## EXERCISE DESCRIPTION
Copying rule for the data below: pictures stay out, and only the lines from the one with "원유철 새누리당 원내대표가" down to the one with "În urma controlului", inclusive, are repeated exactly.

## THE DATA
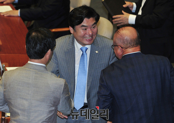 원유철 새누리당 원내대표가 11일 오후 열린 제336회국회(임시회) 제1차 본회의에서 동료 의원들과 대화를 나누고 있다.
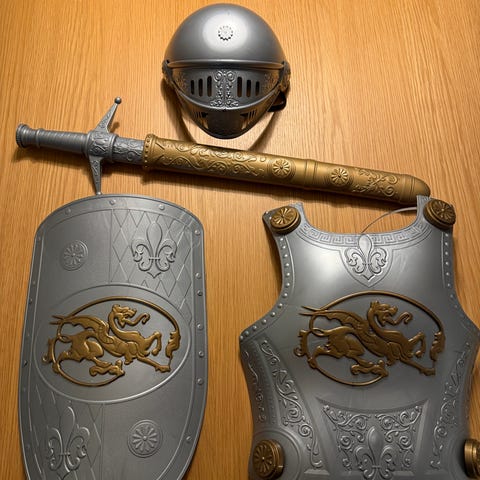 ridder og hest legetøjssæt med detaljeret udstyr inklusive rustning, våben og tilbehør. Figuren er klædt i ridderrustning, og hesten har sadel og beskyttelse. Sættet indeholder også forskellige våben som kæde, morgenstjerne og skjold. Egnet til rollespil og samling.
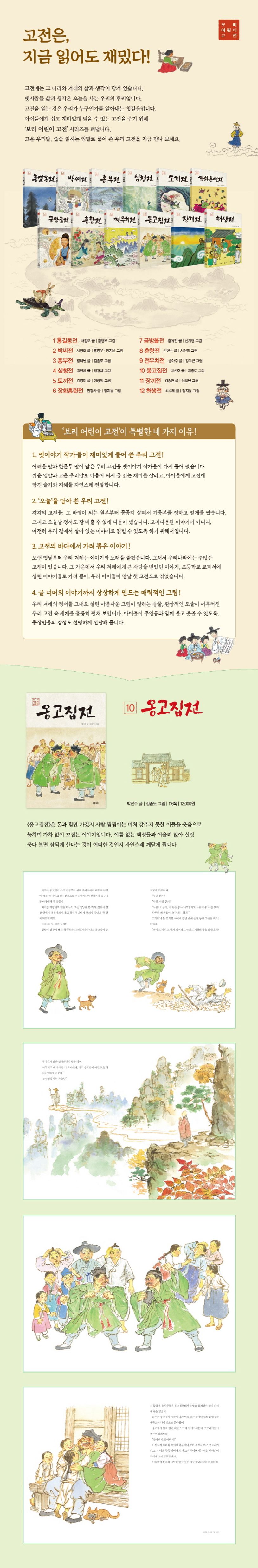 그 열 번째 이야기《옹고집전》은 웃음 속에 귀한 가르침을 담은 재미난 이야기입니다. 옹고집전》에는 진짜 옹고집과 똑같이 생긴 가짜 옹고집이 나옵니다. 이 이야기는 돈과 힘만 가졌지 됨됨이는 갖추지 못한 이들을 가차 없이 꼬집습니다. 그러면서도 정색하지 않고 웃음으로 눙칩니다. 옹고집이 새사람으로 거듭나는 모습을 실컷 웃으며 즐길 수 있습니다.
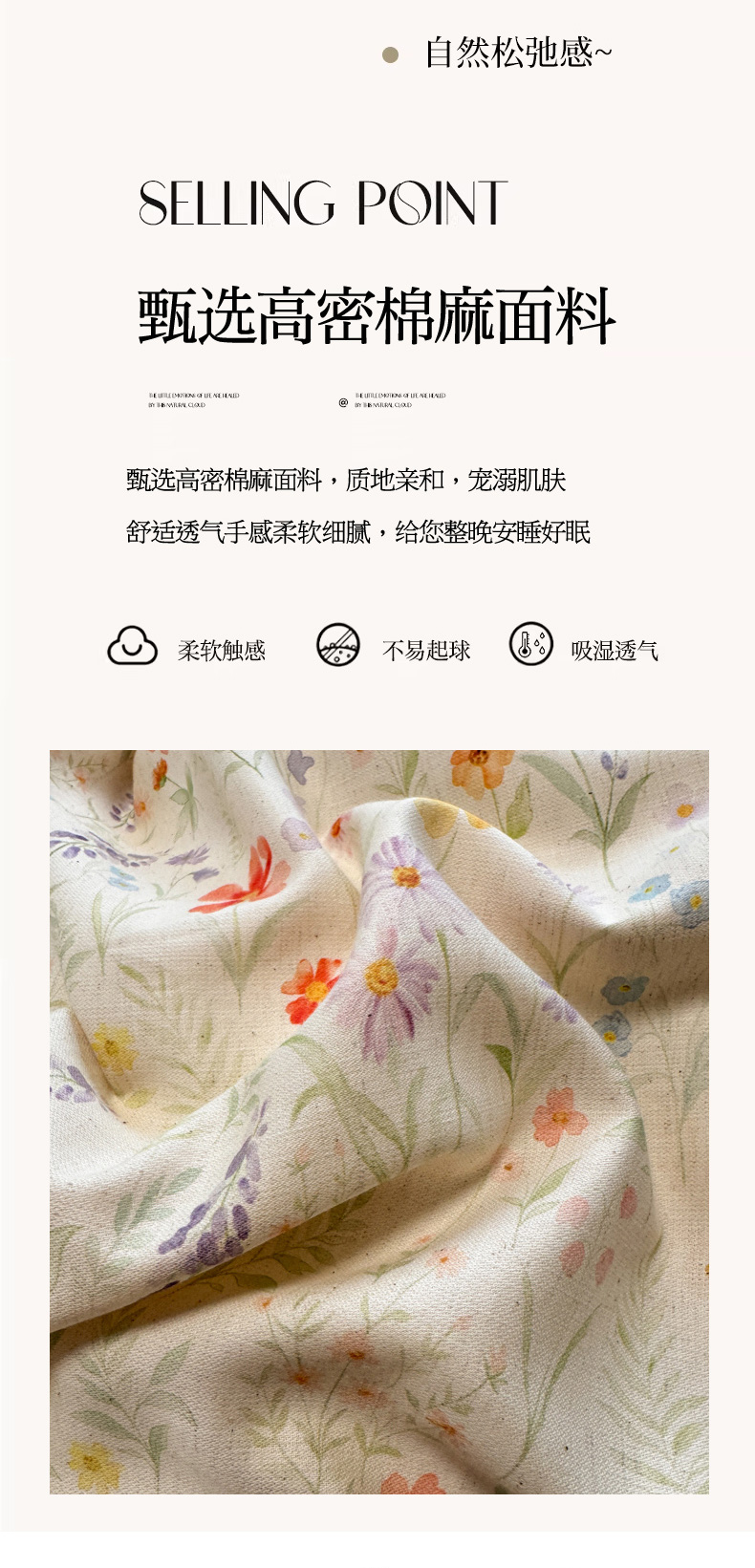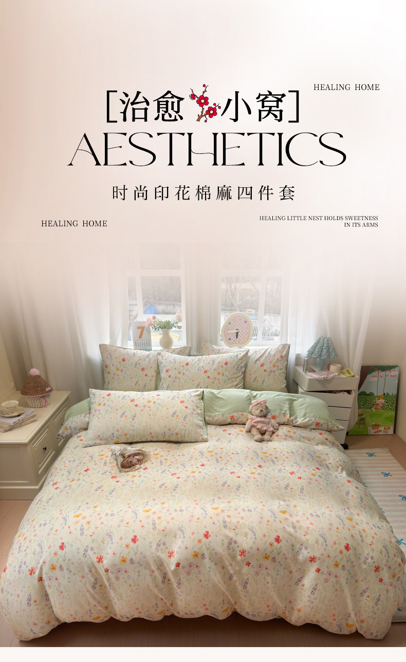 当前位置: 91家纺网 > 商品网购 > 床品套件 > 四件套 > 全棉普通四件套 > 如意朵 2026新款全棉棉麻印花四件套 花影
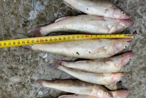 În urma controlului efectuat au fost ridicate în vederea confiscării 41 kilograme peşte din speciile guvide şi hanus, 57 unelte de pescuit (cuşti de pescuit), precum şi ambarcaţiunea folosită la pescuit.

==

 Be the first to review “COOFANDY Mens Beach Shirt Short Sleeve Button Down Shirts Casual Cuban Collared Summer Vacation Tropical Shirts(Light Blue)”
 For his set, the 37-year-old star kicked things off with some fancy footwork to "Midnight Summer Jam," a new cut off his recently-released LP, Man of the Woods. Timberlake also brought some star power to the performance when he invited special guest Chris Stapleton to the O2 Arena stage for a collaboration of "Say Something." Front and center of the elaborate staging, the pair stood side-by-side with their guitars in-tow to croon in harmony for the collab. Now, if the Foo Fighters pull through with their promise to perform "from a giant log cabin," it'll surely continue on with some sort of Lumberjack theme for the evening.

## PROBLEM SOLUTION
 원유철 새누리당 원내대표가 11일 오후 열린 제336회국회(임시회) 제1차 본회의에서 동료 의원들과 대화를 나누고 있다.
 ridder og hest legetøjssæt med detaljeret udstyr inklusive rustning, våben og tilbehør. Figuren er klædt i ridderrustning, og hesten har sadel og beskyttelse. Sættet indeholder også forskellige våben som kæde, morgenstjerne og skjold. Egnet til rollespil og samling.
 그 열 번째 이야기《옹고집전》은 웃음 속에 귀한 가르침을 담은 재미난 이야기입니다. 옹고집전》에는 진짜 옹고집과 똑같이 생긴 가짜 옹고집이 나옵니다. 이 이야기는 돈과 힘만 가졌지 됨됨이는 갖추지 못한 이들을 가차 없이 꼬집습니다. 그러면서도 정색하지 않고 웃음으로 눙칩니다. 옹고집이 새사람으로 거듭나는 모습을 실컷 웃으며 즐길 수 있습니다.
 当前位置: 91家纺网 > 商品网购 > 床品套件 > 四件套 > 全棉普通四件套 > 如意朵 2026新款全棉棉麻印花四件套 花影
 În urma controlului efectuat au fost ridicate în vederea confiscării 41 kilograme peşte din speciile guvide şi hanus, 57 unelte de pescuit (cuşti de pescuit), precum şi ambarcaţiunea folosită la pescuit.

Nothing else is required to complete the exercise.